Needless to say, I didn't leave Dankook on good terms and though I'm definitely over it, I surely don't want to give them credit by being introduced in connection to them.  I was rather insulted actually and not just because of how and why I left Dankook but because that's not what I am associated with or have been for OVER four years now.  

I am Coach Amy, manager and co-owner of Hulk's Boxing and leader of Flipside Fitness here in Korea.  Learn it, accept it, R-E-S-P-E-C-T it!

This is how I started my day off, with the shadiest of shady introductions.  I refused to let it get me down because I know no matter what I do to prove myself to others, first of all I shouldn't have to prove anything, they'll always think whatever they want.  

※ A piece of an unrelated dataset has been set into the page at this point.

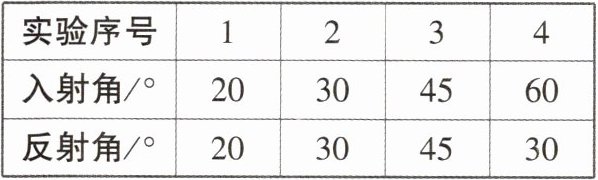 (3)多次改变入射角度,并记录入射光和反射光的光路,取下纸板,测出入射角和反射角的大小,并将数据记录在下表中.其中错误数据是第 次实验的数据,错误原因可能是将反射光线与 的夹角当成了反射角.

I'm so over trying to be something I'm not; I've got nothing to prove, nothing to hide and no one really to impress besides myself.  I will say this though, I am definitely all about boosting up the confidence and empowering the women in my life, especially the foreign females here in Korea.  It's not easy being a female here in Korea especially a foreign female who doesn't fit the ideal of what it means to be a female.  I've spent over nine years now in Korea and you'd think they would have given up on trying to make me fit a certain mold but they haven't -- they're more stubborn than I am.  Me marrying a Korean man only amplified the pressure in more ways than I can count on my stumpy little Polish fingers.  

It's funny because though I coach many female foreign woman, I often feel more of an older sister to them than a coach.  I can definitely relate with them with regards to the stresses of living in Korea as a foreign woman but I consider them so much more blessed than I was when I first came here.  When I first came to Korea, now over nine years ago, Cheonan was not very foreign-friendly.  I could go a full week, possibly two or three, without seeing a foreigner and now the foreign population has just exploded.  There's an estimated 9,000 foreigners now living in Cheonan.  For the most part, they're either ESL teachers or factory workers from East Asia but most of them are ESL teachers.  The foreign population has more than tripled since I first landed here.  The younger generation of Koreans are definitely more open-minded towards foreigners and foreign culture and this has been the biggest improvement I've seen.  More businesses have bilingual Korean workers and English signs nowadays and Korea has taken on a lot adopted a lot more pieces of Western culture.  New Korea is definitely more Westernized than the Korea I first met but Old Korea still very much runs the country and the proof is in the mentality of many Koreans.  There is still very much an age-related, male-dominated hierarchy present in Korea -- the older rule the younger and the men rule the women -- so though the younger generation is evolving and becoming more Westernized, open-minded and independent, they still are restricted and controlled by the older.  And that's exactly what I experienced today when my father-in-law introduced me and Snickers held back from correcting him -- he knew I was cringing over the introduction but being young he felt he couldn't say anything.

"Oh, I'm not Korean," I told Snickers, "and I have no problem saying anything."